Part one explained that Regular Expressions describe patterns in text, and if we can describe a pattern, we can test whether some text matches it (for example using PowerShell’s -match operator) and replace matching parts (with the -replace) operator and split where we find a match with the -split operator.

I find a lot of benefit replacing complex string manipulation with a single regex operation. For example, a series of commands to slice up “2021-2-2” and turn it into a [datetime] object becomes a single statement:

    if ($string -notmatch $dateRegex) {"Not a date!"}   
    else {Get-Date <<with $matches>>}

A string slicing implementation which looks for “-” will fail if the input uses “/” between the digits, but the regex version can be more robust by looking for groups of digits separated by non-digits.
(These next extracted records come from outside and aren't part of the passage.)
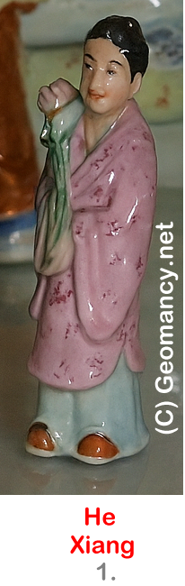 Geomany.net Collection of the Eight Immortals Figurines - 1960's The Eight Immortals (八仙, Bāxiān) are some of the most famous figures in Chinese folklore and religious tradition, especially in Daoism. They are legendary humans who, through virtue, discipline, wisdom, or unusual fate, achieve immortality and transcendence. Together they represent different ages, genders, social classes, and walks of life, symbolizing that anyone can attain spiritual perfection. Below is an overview of their origin, symbolism, and each immortal’s story and attributes. A. Origins and Cultural Background - Tradition: Mainly Daoist, but they also appear in general Chinese folk tales, operas, novels, paintings, and temple art. - First mentions: Variants of immortal figures like them appear in the Tang dynasty (618–907 CE), but the group of Eight Immortals became standardized by the Song–Yuan periods (10th–14th centuries). - Core idea: They are humans who became xian (仙) – transcendent beings living in a refined, spiritual state, often in islands like Penglai or in heavenly realms. - Symbolism: - Eight directions, eight kinds of human experience. - Each has a special object (法器) that embodies their power. - Together they often symbolize blessings, long life, prosperity, and protection. They are frequently depicted crossing the sea, each using their own magical object – Eight Immortals Crossing the Sea (八仙过海, Bāxiān guò hǎi) – which symbolizes ingenuity and relying on one’s own strengths. B. The Eight Immortals – Overview The canonical Eight Immortals are: 1. He Xiangu (何仙姑) – the maiden immortal 2. Lan Caihe (蓝采和/藍采和) – the eccentric, often gender-ambiguous immortal 3. Li Tieguai (李铁拐/李鐵拐) – the lame beggar with an iron crutch 4. Han Xiangzi (韩湘子/韓湘子) – the flute-playing scholar 5. Cao Guojiu (曹国舅/曹國舅) – the imperial relative with official tablets 6. Lu Dongbin (吕洞宾/呂洞賓) – the sword-wielding scholar-swordsman 7. Zhang Guolao (张果老/張果老) – the old man riding a white donkey backward 8. Zhongli Quan (钟离权/鍾離權) – the elder general with a fan Each immortal has their own legends and symbolic object. 1. He Xiangu (何仙姑) - Role: The only consistently female member of the Eight Immortals (Lan Caihe is sometimes depicted as female but often ambiguous). - Iconography: - Often shown holding a lotus flower, symbolizing purity and spiritual enlightenment. - Sometimes carries a lotus basket or a peach (symbol of longevity). - Story highlights: - Said to have been born in the Tang dynasty. - As a girl, she chose a celibate, ascetic life, refusing marriage. - In some versions, she was instructed in a dream to eat powder made from mica or mother-of-pearl, after which her body became light and she could travel freely between realms. - Symbolism: - Purity, chastity, spiritual refinement. - Protection for women and young girls; sometimes invoked for health and safety in the family. 2. Lan Caihe (蓝采和) - Role: The most mysterious and unconventional of the Eight. - Gender: Often ambiguous – depicted as a young boy, a girl, or an androgynous figure. This ambiguity itself is symbolic of transcending worldly categories. - Iconography: - Wears tattered, mismatched clothes and a loose belt. - Carries a flower basket or string of flowers and frequently wears only one shoe or goes barefoot. - Sometimes depicted playing clappers. - Story highlights: - Known as a wandering street singer or entertainer, often drunk or acting foolish. - Suddenly ascends to immortality—some versions say they stepped onto a crane or simply soared into the sky. - Symbolism: - Detachment from material concerns. - The idea that spiritual truth can be found outside social rules and appearance. - Patron of performers and the marginalized. 3. Li Tieguai (李铁拐) - Name meaning: Li with the Iron Crutch. - Iconography: - A lame beggar with an iron crutch. - Carries a gourd (葫芦) from which vapors, medicines, or spirits emerge. - Story highlights: - Originally a handsome, devoted Daoist cultivator who could exit his body to commune with the divine. - Once, while his spirit was away, his disciple cremated his body, thinking he was dead. - Returning, Li had to enter the only nearby body – a disabled beggar’s corpse. Instead of lamenting, he accepted it and continued his cultivation, achieving immortality. - Symbolism: - Compassion for the sick and poor; he is invoked as a healer. - Teaches that the outer body is not as important as inner cultivation. - The gourd symbolizes healing medicines and the ability to store and release spiritual power. 4. Han Xiangzi (韩湘子) - Role: Youthful immortal, associated with music and learning. - Iconography: - Holds or plays a bamboo or jade flute. - Often depicted amidst nature — flowers, birds, or mountains. - Story highlights: - Traditionally said to be the nephew of the famous Tang scholar Han Yu. - Han Yu was a rationalist critical of religion; Han Xiangzi represents the other path, embracing Daoism and mysticism. - Stories tell of him using his flute to cause flowers to bloom, animals to dance, or to reveal truths. - Symbolism: - Harmony of nature and humanity. - The power of art, especially music, to transform the spirit. - Patron of musicians and scholars who seek a freer, more intuitive understanding. 5. Cao Guojiu (曹国舅) - Title meaning: Imperial Brother-in-law or Imperial Uncle Cao. - Iconography: - Wears court robes. - Holds jade tablets or clappers symbolizing his official rank. - Story highlights: - Said to be the brother of an empress (or high-ranking consort) of the Song dynasty. - A relative committed grave crimes, and Cao Guojiu, ashamed and unable to bear the corruption, withdrew from court life to seek spiritual cultivation. - Eventually met immortals like Lu Dongbin and Zhongli Quan, who guided him to enlightenment. - Symbolism: - Moral integ
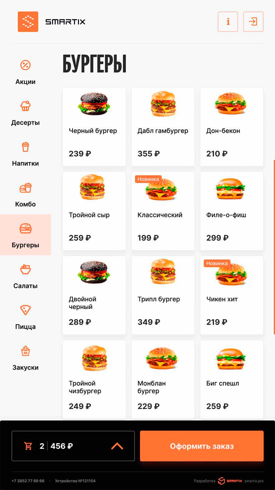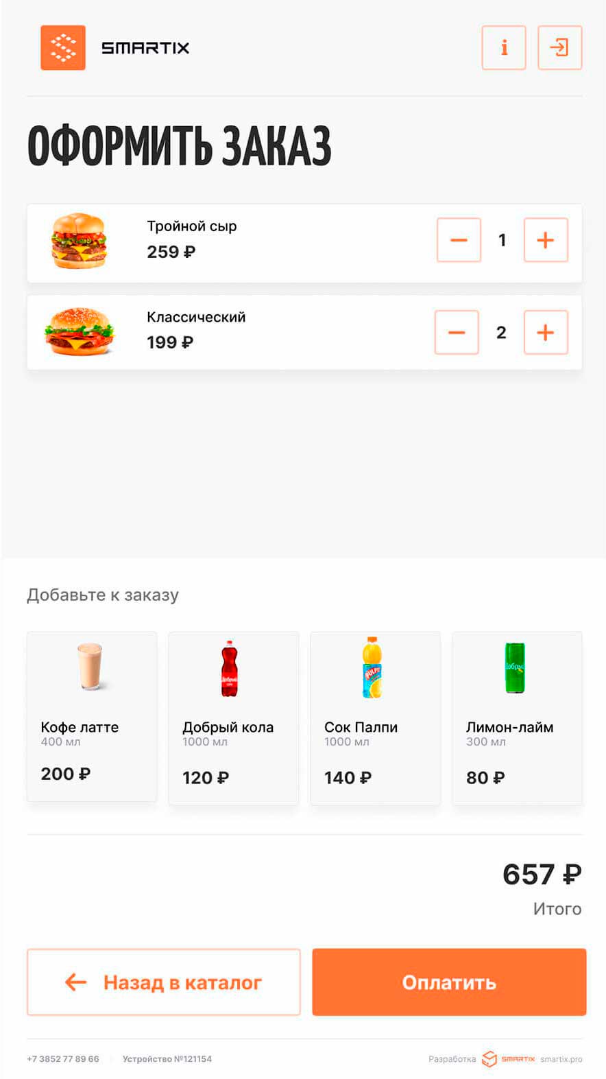 1. Компания Smartix — это объединение профессионалов, специализирующихся на различных направлениях автоматизации бизнеса с использованием киосков самообслуживания. Самообслуживание в общепите — одно из наших ключевых направлений, мы сформировали отдельное подразделение, которое профессионально разрабатывает и внедряет ПО киосков для фаст-фуда, ресторанов и кафе. Мы отлично знаем отраслевые потребности заказчиков и конечных клиентов!
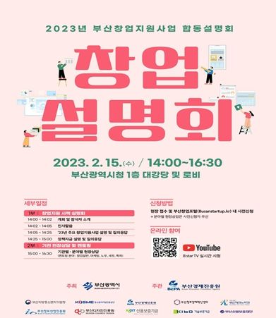 인사이드피플 박미영 기자 | 부산시는 오는 15일 오후 2시, 시청 1층 대강당에서 10개 창업지원기관과 함께 최초로 온·오프라인 동시 진행하는 '2023년도 부산 창업지원사업 합동설명회'를 개최한다고 밝혔다.

Often these operations to break things up will use the -split operator for example:

-split ' ' will break at (and discard) space characters,
-split '[\r\n]+' splits multi-line text on any combination of carriage-return and/or new-line – removing any blank lines.
-split '\D+' splits into groups of digits wherever there are non-digits

The -split operator discards any text which is included in the match, and usually a complicated expression defines something we want to keep, so most uses of -split are with quite simple patterns.
Using the first of the examples above to split ‘This, a sequence of words’ will leave the comma attached to “This,”.
We might use -split '\W' instead, but splitting at each non-word character splits at both space and comma, putting an extra zero-length item between “This” and “a”. Changing to -split '\W+' will split every time it finds at least one non-word character.

This is a reminder to be careful with *; \W+ specifies at least one, \W* matches zero-length sequences. How many non-word characters follow each letter? None – and that’s a match! But in other places we can get cleaner output by using * to pull optional characters into the match, for example:
-split '\s*,\s*' splits on (and discards) commas with any spaces around them – without this we might need to trim the results as an extra step. We can use the same expression with the -replace operator,
–replace '\s*,\s*', ', '
will take text with any combination of spaces around commas and change to commas followed by exactly one space and preceded by none.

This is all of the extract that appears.